Почти у всех обитателей бараков и брусчаток водились степенные
куры-несушки, подкрашенные в разных местах зелёнкой или красными
чернилами – от путаницы. И это были какие-то специально
обученные куры: они спокойно гуляли по всем дворам, искали в
земле жучков и червячков, не боялись ни кошек, ни собак,
забредали даже на «барские» участки, а нестись приходили в свой
сарай. И никогда не путали свою дверь с пропиленной дыркой и
соседскую, с точно таким же «куриным» лазом. На каждой двери
был нарисован номер, и мы с пацанами сначала думали, что
курицы, наверное, его и запоминают. Но проверка показала, что
это не так. Один раз мы замазали грязью белые номера на двух
дверях и чуть пониже написали мелом те же номера, поменяв их
местами. Но запутать кур не удалось: птицы, вымазанные
зелёнкой, безошибочно пролезали в ту дыру, откуда выходили
утром. С «красно-чернильными» произошло то же самое. Скорее
всего, дело заключалось в петухах, которые прикидывались, что не
видели, как мы меняем номера, а на самом деле всё
запоминали….
А у нас с полезной живностью ничего не получалось. В доме долго жила
почти бесхвостая кошка Дымка, которая часто представляла
себя настоящей лесной рысью и набрасывалась на первую
попавшуюся собаку, доводя её до полного безумия. Дымка запрыгивала
добродушному и ничего не подозревающему барбосу на загривок,
намертво вцеплялась всеми лапами с кривыми когтями в шкуру,
задирала трубой коротышку-хвостик и, как жокей, скакала на
псине до тех пор, пока жертва не находила узкую щель в
заборе. Затравленная собака продиралась сквозь эту щель ценой
потери шерсти, но освобождалась от бесстрашного седока. Нашу
кошку псы боялись даже больше жестокого Голопуза. Этот
стриженный наголо пацан иногда привязывал к собачьему хвосту верёвку
со связкой пустых консервных банок. Если привязать такую
связку к автомобилю, то он спокойно себе едет, и грохота
сзади, понятно, не боится, и скорость со страху не увеличивает.

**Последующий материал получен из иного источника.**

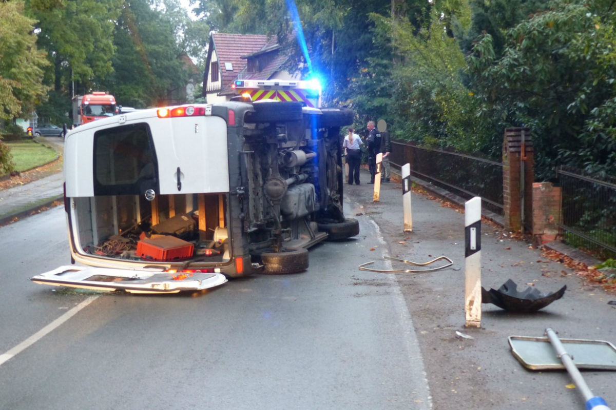 Am Donnerstag ist in Petershagen ein fahrender Transporter ins Schleudern gekommen und dabei umgestürzt.

Просто всем ужасно весело, а когда дядька-шофёр выскочит из
машины – нас уж нет, и ловить некого. А собака живая. Она
может сойти с ума или умереть от разрыва сердца, как человек.
Одна псина всё-таки отомстила Голопузу за всех пострадавших
сородичей… Даже с запасом на будущее. Ему сделали шестьдесят уколов
в живот от бешенства, а вскоре отправили в детскую колонию.
Будущее у Голопуза оказалось коротким – из колонии он не вернулся.
Говорили, что за какую-то пакость его долго били по почкам
куском доски через фуфайку. При этом способе на теле вообще не
остается синяков. Почки отбили, виновников, само собой, не
нашли, а Голопуз незаметно умер в тюремной больничке. Но
пьяницы-родители особо не горевали: в их семье оставалось ещё
много похожих друг на друга детей. Никто из нас не различал
их по именам, и всех мы называли Голопузами, как будто кличка
убитого брата стала настоящей фамилией.
Только Жука, доставшаяся нам от соседей по первому свиридовскому
дому, не боялась Дымку. Когда у Жуки родились щенки, её
поселили на холодной веранде, чтобы она могла бегать по своим делам
через оконце в двери, завешанное куском половика. Однажды
Жука вернулась с прогулки и увидела Дымку рядом со щенками… С
тех пор уцелевшая Дымка выходила гулять из подполья,
выбираясь на улицу через отдушину. То оконце в двери сыграло
роковую роль в жизни Жуки. Когда щенки были ещё маленькими и
слепыми, к маме в гости пришла клубная библиотекарша со странным
именем Фрамуза. По привычке она просунула руку, чтобы
отодвинуть щеколду и войти в дом. А Жука жила на веранде всего
ничего – недели три. Она не знала, что Фрамуза – свой человек…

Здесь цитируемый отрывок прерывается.